Friedrich Geiger (born in 1966) is a German musicologist.

== Life ==
Born in Munich, Geiger studied music, historical and systematic musicology and Latin philology in Munich and Hamburg. After gaining his PhD in 1997 with a thesis on Wladimir Rudolfowitsch Vogel, he headed the Research and Information Centre for ostracized Music at the Dresden Centre for Contemporary Music from 1997 to 2002. He then lectured at the musicological institutes of the TU Dresden and the University of Hamburg.
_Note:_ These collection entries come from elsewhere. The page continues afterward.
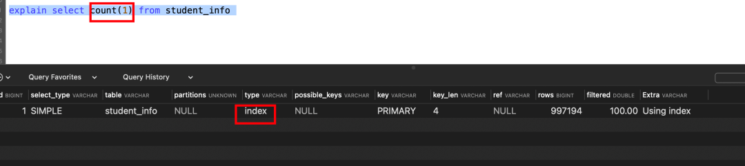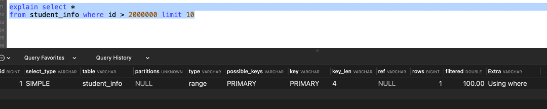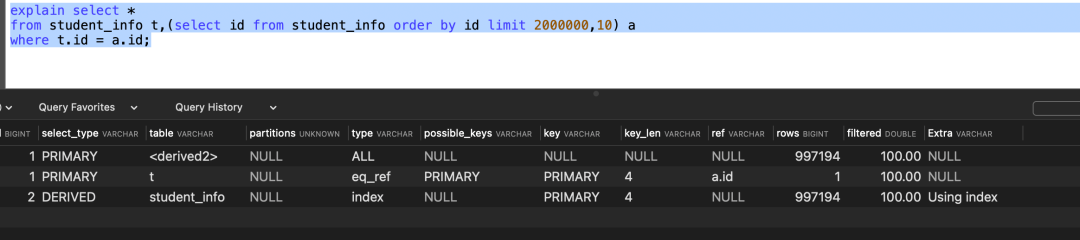总结: 在分组操作时,可以通过索引来提高效率分组操作时,索引的使用也是满足最左前缀法则的如索引为idx_user_pro_age_stat,则句式可以是select ... where profession order by age,这样也符合最左前缀法则 五、limit优化语法复习: 复制#0表示起始位置,10表示每一页展示的数据。 select * from student_info limit 0,10;1.2.这条查询执行的速度非常快,但是如果我们将起始位置设置为100000呢? limit分页查询在大数据量的时候,查询效率同样会非常的慢,例如一个常见又非常头疼的问题就是limit 2000000,10 此时需要MySQL排序前200010条记录,仅仅返回200000-2000010的记录,其他记录丢弃,查询排序的代价非常大。 优化方案:一般分页查询时,通过创建覆盖索引能够比较好地提高性能,可以通过覆盖索引加子查询形式进行优化 例如:利用主键id,先获取要查询的10是个id. 复制explain select * from student_info t,(select id from student_info order by id limit 2000000,10) a where t.id = a.id;1.2.3.
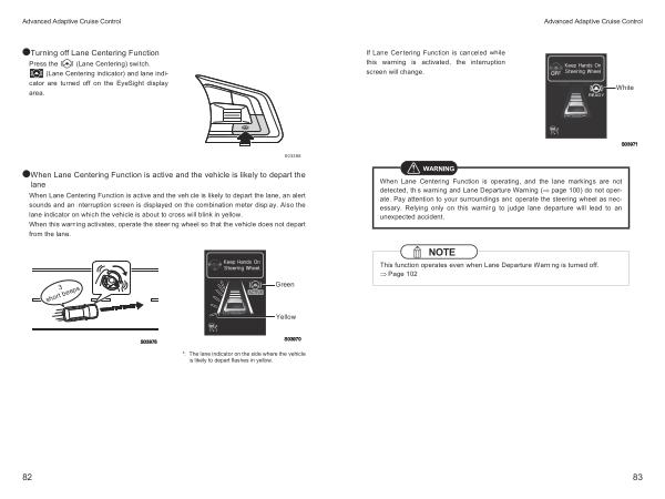 ( Lane Centering indicator ) and lane indicator are turned off on the EyeSight display area .
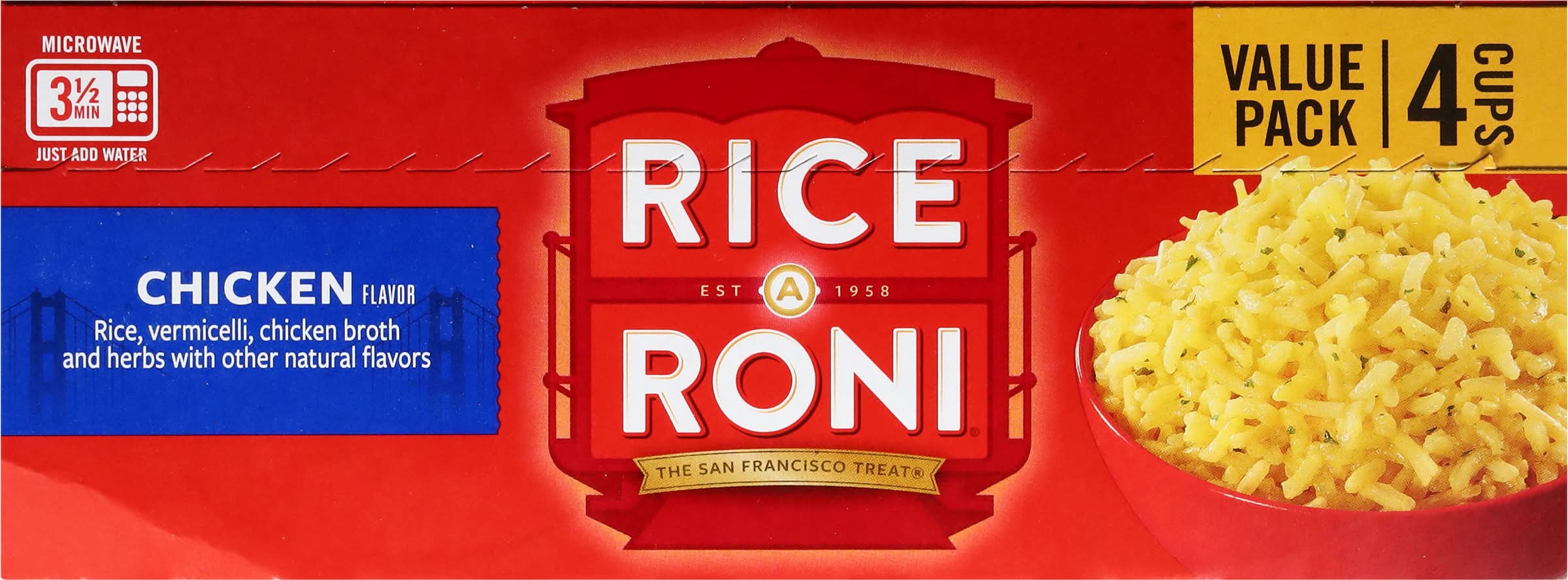Our Rice-A-Roni products combine rice, pasta and the perfect mix of seasonings to create delicious, family pleasing side dishes and main dish recipes. • Flavor: Chicken • Pack size: 4
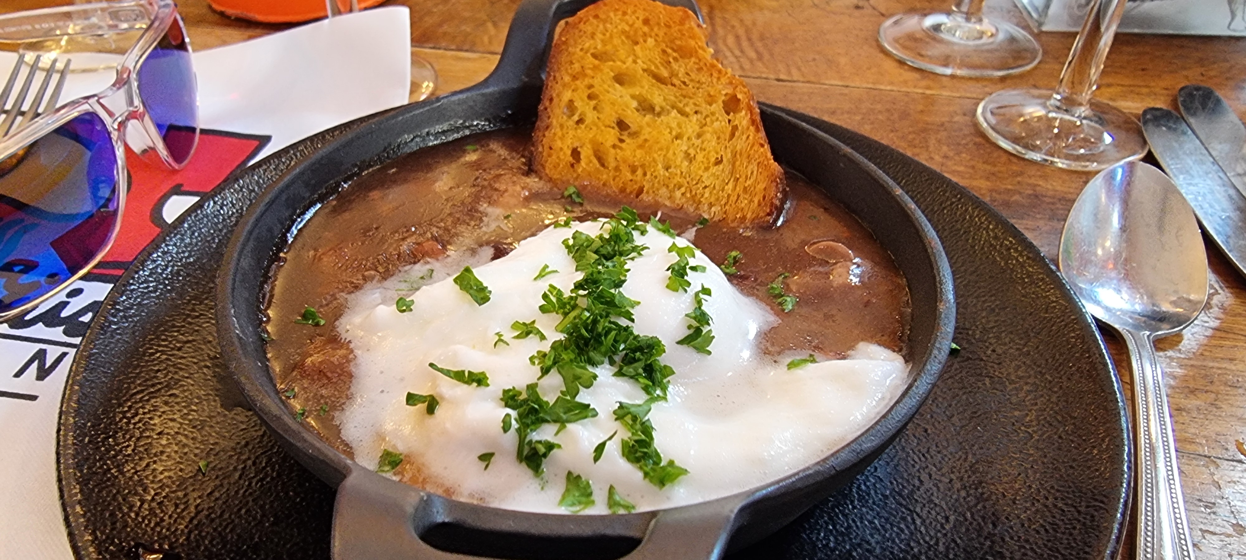 Menu exceptionnel !! Oeufs moeurette, saucisses, côté de boeuf (une tuerie), raviole bref je recommande!! Le personnel hyper sympa, très convivial ! Foncez y les yeux fermés ♥️♥️
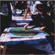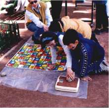 pissarra. 4 jugadors, situats dins un cèrcol, formen un quadrat,
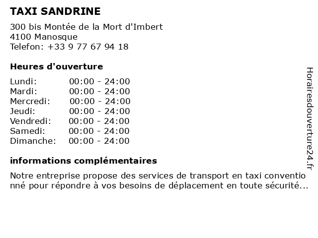| Samedi | 00:00-24:00 |
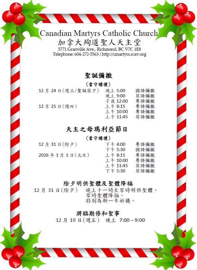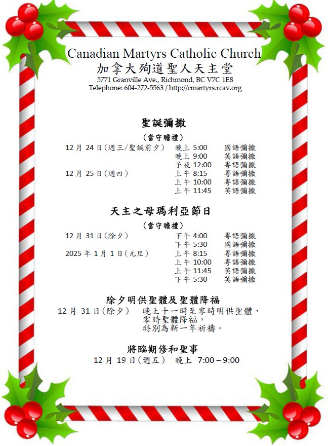 逢主日晚上7:00粵語聚會及逢週一晚上7:00英語聚會在聖堂舉行。如想網上參與祈禱會,請電郵至fatheranthonyho@gmail.com 與何神父聯絡。
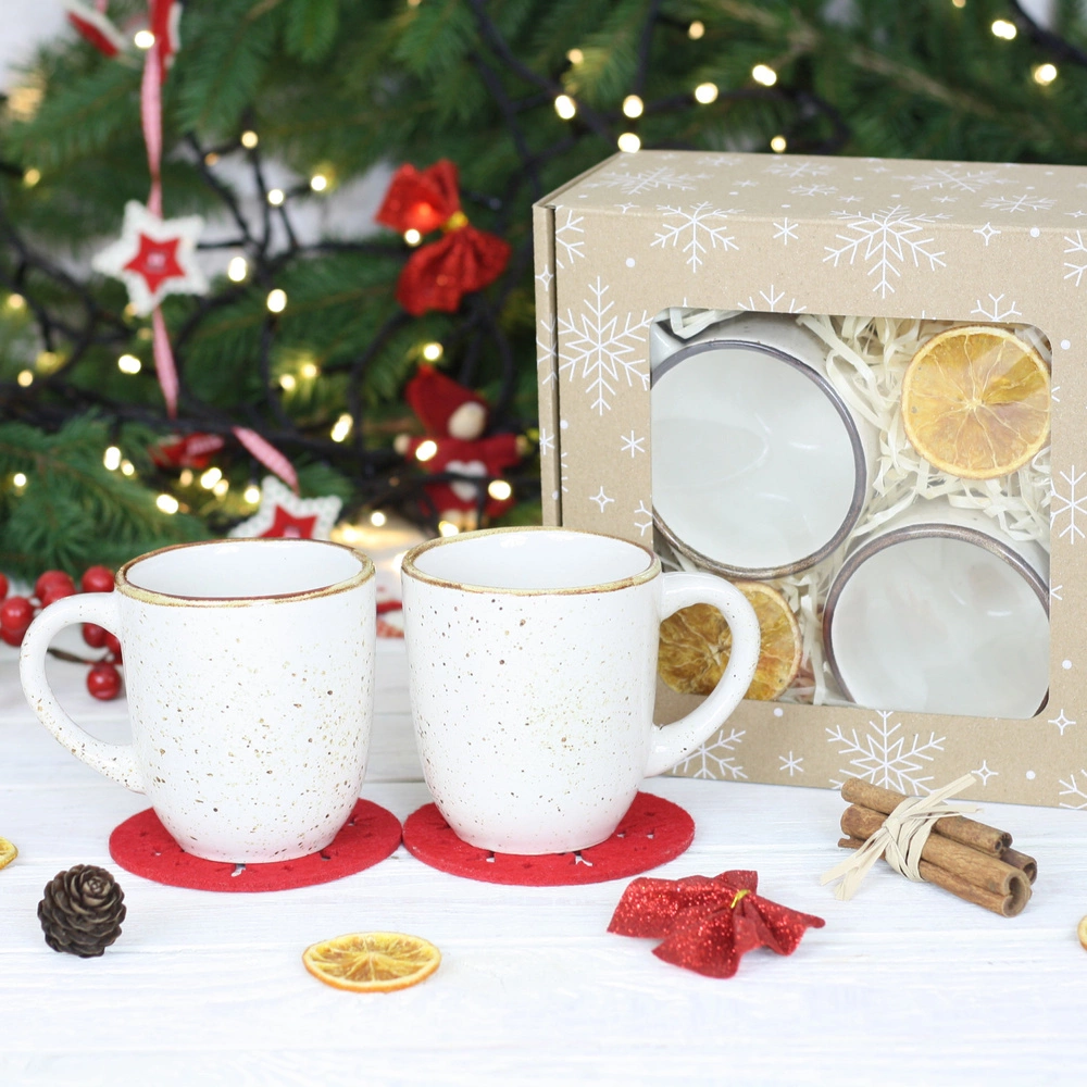 Zestaw dopełnia pudełko prezentowe z wełną drzewną, które nie tylko chroni kubki, ale także sprawia, że całość prezentuje się elegancko i luksusowo. Dzięki temu zestaw jest gotowy do wręczenia bez potrzeby dodatkowego pakowania – wystarczy podarować go bliskiej osobie. To doskonały prezent dla pary na święta, który zachwyci zarówno designem, jak i funkcjonalnością.
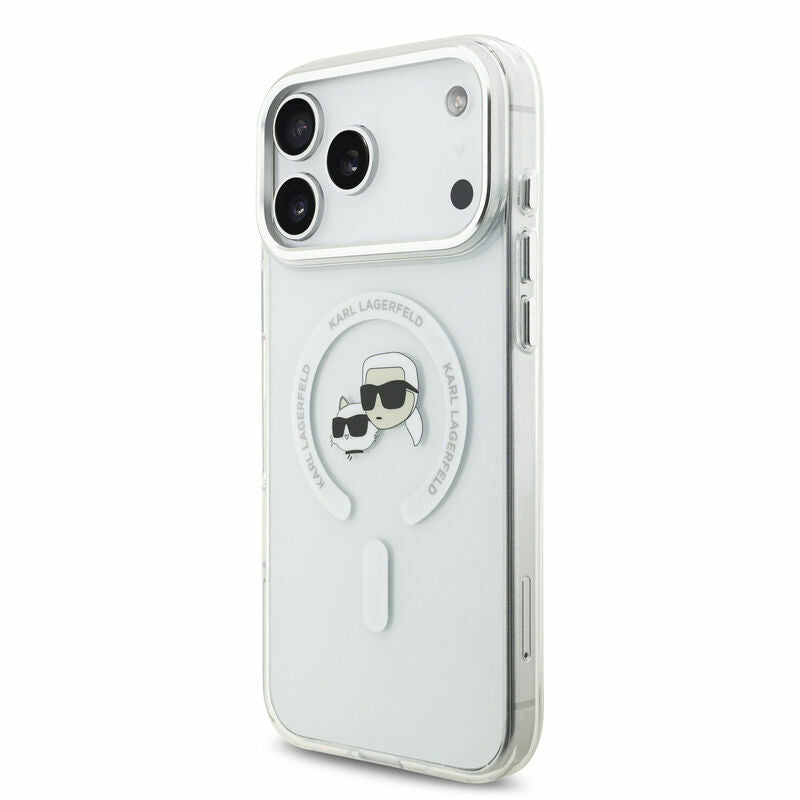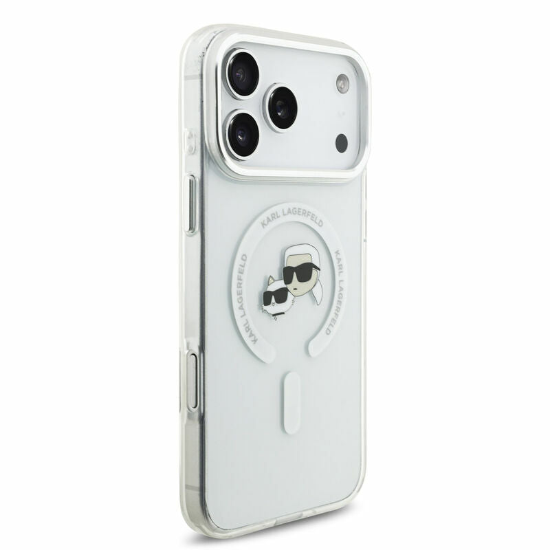 • 1x Karl Lagerfeld IML Karl & Choupette Head Metal Frame Case with MagSafe for iPhone 17 Pro Max (Clear)
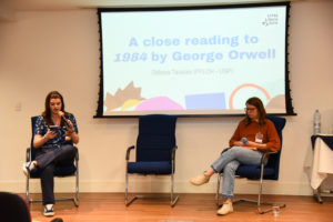 Em 1984, Orwell constrói uma distopia futurista que, embora ambientada num “futuro imaginado”, reflete criticamente o presente de sua época. “É como se ele escrevesse sobre o presente, projetando-o quarenta anos à frente”, explicou a professora. “E ainda hoje, em 2025, seguimos com a sensação de que tudo aquilo está por vir — o que torna a obra ainda mais impactante e relevante.”
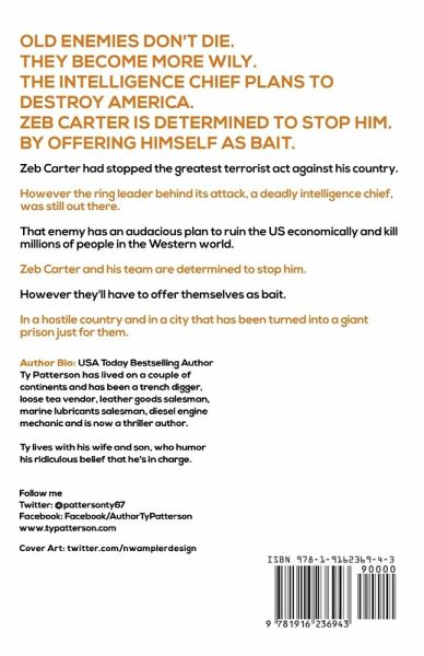 Old enemies don't die. They become more wily. The intelligence chief plans to kill millions and change the world order. Zeb Carter is determined to stop him. By offering himself as bait. Zeb Carter had stopped the greatest terrorist act against his country. However the ring leader behind its attack, a deadly intelligence chief, was still out there. That enemy has an audacious plan to ruin the US economically and kill millions of people in the Western world. Zeb Carter and his team are determined to stop him. However they'll have to offer themselves as bait. In a hostile country and in a city that has been turned into a giant prison just for them. ¿¿¿¿¿ 'An OMG, Freaking-Fantastic, Unputdownable, Unmissable, Unforgettable, Running-Out-Of-Superlatives, One-Click Thriller' ¿¿¿¿¿ 'Hands down, the best thriller of the year' ¿¿¿¿¿'Dazzling! Ty Patterson gets better with each thriller he writes' ¿¿¿¿¿'A stop-the-clock, call-in-sick thriller reminiscent of the best of Gregg Hurwitz, Vince Flynn and Brad Thor'
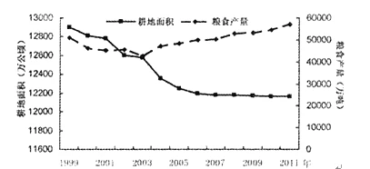 【1】1999?2011年间我国耕地面积和粮食产量变化的特点是

After his habilitation in 2003 with a study on the persecution of composers under Hitler and Stalin, he was research assistant and lecturer at the musicological seminar of the Free University of Berlin in the Deutsche Forschungsgemeinschaft special research area Aesthetic Experience in the Sign of the Dissolution of Artistic Limits from 2003 to 2007. Since summer semester 2007 he has been teaching as professor for historical musicology at the University of Hamburg.

His research focuses on music history from the 18th century to the present, music of antiquity and ancient reception in music, music in dictatorships, historiography of popular music, geography of music history and music aesthetics and musical judgement.

== Publications ==
- Die Dramma-Oratorien von Wladimir Vogel 1896–1984. Hamburg 1998, ISBN 3-932696-03-4.
- Musik in zwei Diktaturen. Verfolgung von Komponisten unter Hitler und Stalin. Kassel 2004, ISBN 3-7618-1717-7.
- Verdikte über Musik. 1950–2000. Stuttgart 2005, ISBN 3-476-02110-6.
- with Michael Custodis: Netzwerke der Entnazifizierung. Kontinuitäten im deutschen Musikleben am Beispiel von Werner Egk, Hilde und Heinrich Strobel. Münster 2013, ISBN 3-8309-2843-2.